利用HDF和HUVEC细胞模型评价4种蜂毒体外抗衰老及其抗炎的功效研究

doi:10.3969/j.issn.1001-1803.2019.10.007

Abstract

Abstract:

To investigate the anti-aging effects of Vespa mandarinia Smith, Vespa bicolor Fabricius, Xylocopa（Nyctomelitta） tranquebarica and Apis mellifera venom in vitro, type I collagen（Col-I） and matrix metalloproteinase（MMP-1） secreted by human dermal fibroblasts（HDF） was detected. And in order to explore the anti-inflammatory effects of Vespa mandarinia Smith, Vespa bicolor Fabricius, Xylocopa（Nyctomelitta） tranquebarica and Apis mellifera venom in vitro, the inflammatory factors nitric oxide（NO）, human interleukin-6（IL-6） and human interleukin 8（IL-8） secreted by lipopolysaccharide（LPS）-induced human umbilical vein endothelial cells（HUVEC） were detected.
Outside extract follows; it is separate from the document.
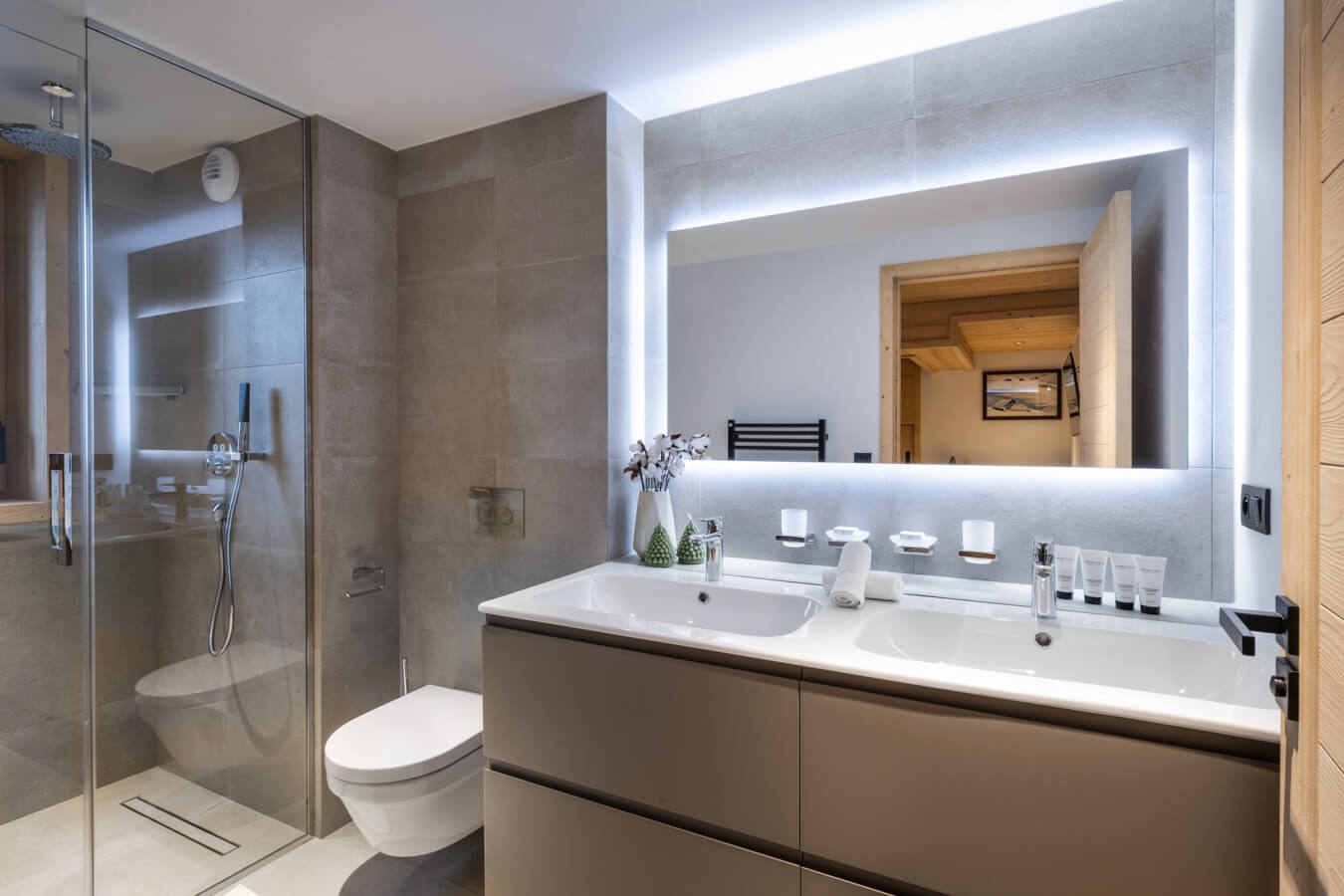 Ce chalet appartement dispose de trois chambres avec un lit double (180*200), d’une cabine avec deux lits simples (90x190) ainsi que de deux salles de bains avec douche et une baignoire. La pièce de vie bénéficie d'un coin salon avec une télévision, d'une cuisine toute équipée, d’un poêle à bois et d’un balcon orienté sud. Ce chalet bénéficie d'une triple exposition : sud, est et nord. Il dispose d'appareils électroménagers tels qu'un lave-linge, un lave vaisselle, une machine à café Nespresso, le nécessaire de cuisine, etc.

The results show that when the concentration of Vespa mandarinia Smith and Vespa bicolor Fabricius venom is 10 mg/L, the contents of MMP-1 secreted by HDF cells decrease by 26.03% and 43.64%, while the contents of Col-I increase by 24.62% and 30.31%, respectively. After stimulation of HUVEC cells by four bee venoms, the contents of inflammatory cytokines secreted by cells are reduced. At 5 mg/L, the content of IL-6 is reduced by 62% compared with the model group. When the concentration of bee venom is 10 mg/L, its inhibitory effect on IL-8 secretion is the most obvious, which reduces the content of IL-8 by 68% in the model group. In summary, four bee venoms have anti-inflammatory effects, but only Vespa mandarinia Smith and Vespa bicolor Fabricius venom have anti-aging effects.

Key words: bee venom, in vitro, anti-aging, anti-inflammatory

CLC Number:

TQ658

LIU Yin-kang,ZHANG Gen-sheng,HUANG Guo-zhong,CHEN Ji-kuan,ZHANG Hong-cheng. Evaluation of anti-aging and anti-inflammatory effects of four beevenoms in vitro by HDF and HUVEC cell models[J].China Surfactant Detergent & Cosmetics, 2019, 49(10): 668-673.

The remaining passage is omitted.